Explanation: In the above equation, if we substitute the VALUES of r, ℴ then we get mapping in the required way

Correct choice is (a) LHP in s-plane MAPS into the inside of the UNIT circle in the z-plane

For explanation I would say: In the above equation, if we substitute the values of R, ℴ then we get mapping in the required way

Correct choice is (c) All POINTS in the LHP & RHP of s are mapped INSIDE & outside the unit circle in the z-plane

Explanation: The BILINEAR TRANSFORMATION is a conformal mapping that transforms the jΩ-axis into the unit circle in the z-plane and all the points are linked as MENTIONED above.

The CORRECT choice is (d) \(\frac{(\frac{BT}{2})(1-z^{-1})}{1+\frac{aT}{2}-(1+\frac{aT}{2}) z^{-1}}\) & \(\frac{b}{\frac{2}{T}(\frac{1-z^{-1}}{1+z^{-1}}+a)}\)

Explanation: As we considered analog linear filter with system FUNCTION H(s) = b/s+a

Hence, we got an equivalent system function

where, s = \(\frac{2}{T}(\frac{1-z^{-1}}{1+z^{-1}})\).

Correct option is (a) \((1+\frac{aT}{2})Y(Z)-(1-\frac{aT}{2})y(n-1)=\frac{bT}{2} [X(n)+x(n-1)]\)

For EXPLANATION: When we substitute the given EQUATION in the derivative of other we get the resultant REQUIRED equation.

The correct answer is (b) y(NT) = \(\frac{T}{2} [y^{‘} (nT)+y^{‘} (nT-T)]+y(nT-T)\)

The explanation: By integrating the EQUATION,

y(t) = \(\int_{t_0}^t y^{‘} (τ)dt+y(t_0)\) at t=nT and t0=nT-T we GET equation,

y(nT) = \(\frac{T}{2} [y^{‘} (nT)+y^{‘} (nT-T)]+y(nT-T)\).

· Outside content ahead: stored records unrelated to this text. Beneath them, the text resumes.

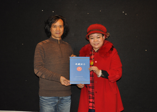 (知名文艺家项目组负责人(右)为著名书法家陈羲明先生(左)颁发收藏证书 陈艺 摄)
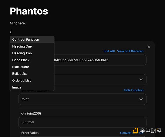 Midwit的使用方法非常简单。假设你正在使用Mirror文本编辑器编写铸造公告。按回车键另起一行,按“/”键,然后选择“Contract Function”(合约功能)选项。
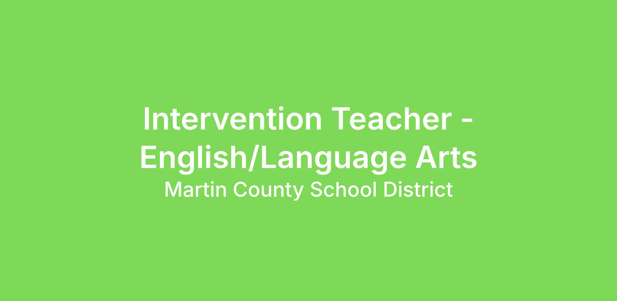 Intervention Teacher - English/Language Arts

The CORRECT option is (a) True

The best explanation: Because in other techniques, only lowpass FILTERS and limited CLASS of bandpass filters are been supported. But this technique OVERCOMES the limitations of other techniques and supports more.

Correct OPTION is (B) 6.02b + 16.81 – \(20log_{10}⁡ \FRAC{R}{σ_x}\)

To ELABORATE: SQNR = \(10 log_{10}⁡\frac{P_x}{P_n}=20 log_{10} \frac{⁡σ_x}{σ_e}\)

= 6.02b + 16.81 – ⁡\(20 log_{10}\frac{R}{σ_x}\)dB.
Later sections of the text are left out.